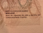 A display shows an art piece made from coffee capsules and copper wire. The installation is part of a collection at the UCA Museo de Arte Popular and invites viewers to explore creativity.
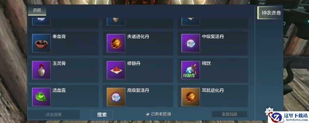 3、在药品界面中找到“精饮”并点击进入制作界面。
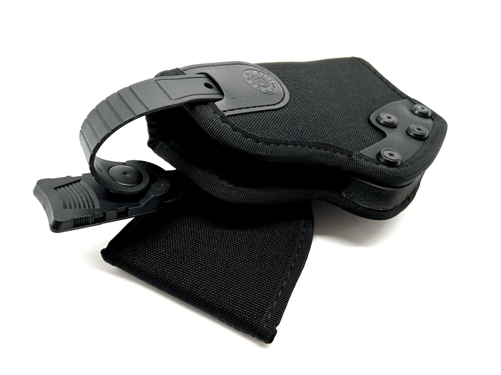 Fondina in cordura da fianco, sistema di sgancio rapido regolabile e amovibile. Supporto in cordura. Posizione verticale con inclinazione. Il passante è per cinturoni alti 5 cm. Prodotta per large auto tipo beretta 92 o 98 fs, beretta apx, revolver 4, sig 228,229, beretta 8000, glock 17/19, sig sauer p266, beretta 84 f, h&k usp-w. p99, ppq, p99q, glock 20, px4 storm. Colori disponibili: nero, verde, blu o bianco. Peso lordo: 300 grammi. Prodotto in Italia.
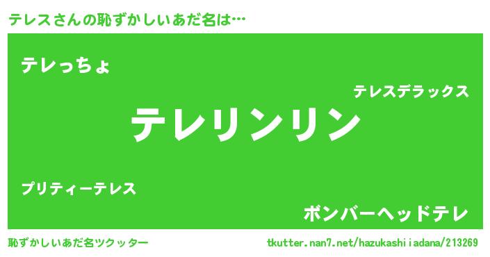 | ヘコむあだ名 | 『テレっちょ』『豆乳』『テレふぇ~』 |
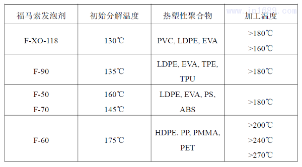 表1 福馬索發(fā)泡劑產(chǎn)品及其分解溫度
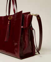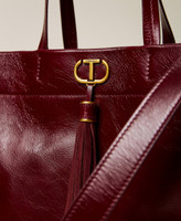 Le cabas made in Italy en cuir de veau italien pleine fleur, glacé puis manipulé pour apporter brillance et souplesse à la surface, séduit grâce à une texture raffinée et brillante. Il présente une double anse pour un porté épaule, une bandoulière amovible, des rubans latéraux et le logo Oval T couleur laiton vieilli avec pompon en cuir velours doux assorti. Son volume spacieux en fera un indispensable allié pour vos journées les plus chargées.

PROBLEM
Each record has to be set down verbatim, and the pictures must not appear in the copy.

SOLUTION
 A display shows an art piece made from coffee capsules and copper wire. The installation is part of a collection at the UCA Museo de Arte Popular and invites viewers to explore creativity.
 3、在药品界面中找到“精饮”并点击进入制作界面。
 Fondina in cordura da fianco, sistema di sgancio rapido regolabile e amovibile. Supporto in cordura. Posizione verticale con inclinazione. Il passante è per cinturoni alti 5 cm. Prodotta per large auto tipo beretta 92 o 98 fs, beretta apx, revolver 4, sig 228,229, beretta 8000, glock 17/19, sig sauer p266, beretta 84 f, h&k usp-w. p99, ppq, p99q, glock 20, px4 storm. Colori disponibili: nero, verde, blu o bianco. Peso lordo: 300 grammi. Prodotto in Italia.
 | ヘコむあだ名 | 『テレっちょ』『豆乳』『テレふぇ~』 |
 表1 福馬索發(fā)泡劑產(chǎn)品及其分解溫度
 Le cabas made in Italy en cuir de veau italien pleine fleur, glacé puis manipulé pour apporter brillance et souplesse à la surface, séduit grâce à une texture raffinée et brillante. Il présente une double anse pour un porté épaule, une bandoulière amovible, des rubans latéraux et le logo Oval T couleur laiton vieilli avec pompon en cuir velours doux assorti. Son volume spacieux en fera un indispensable allié pour vos journées les plus chargées.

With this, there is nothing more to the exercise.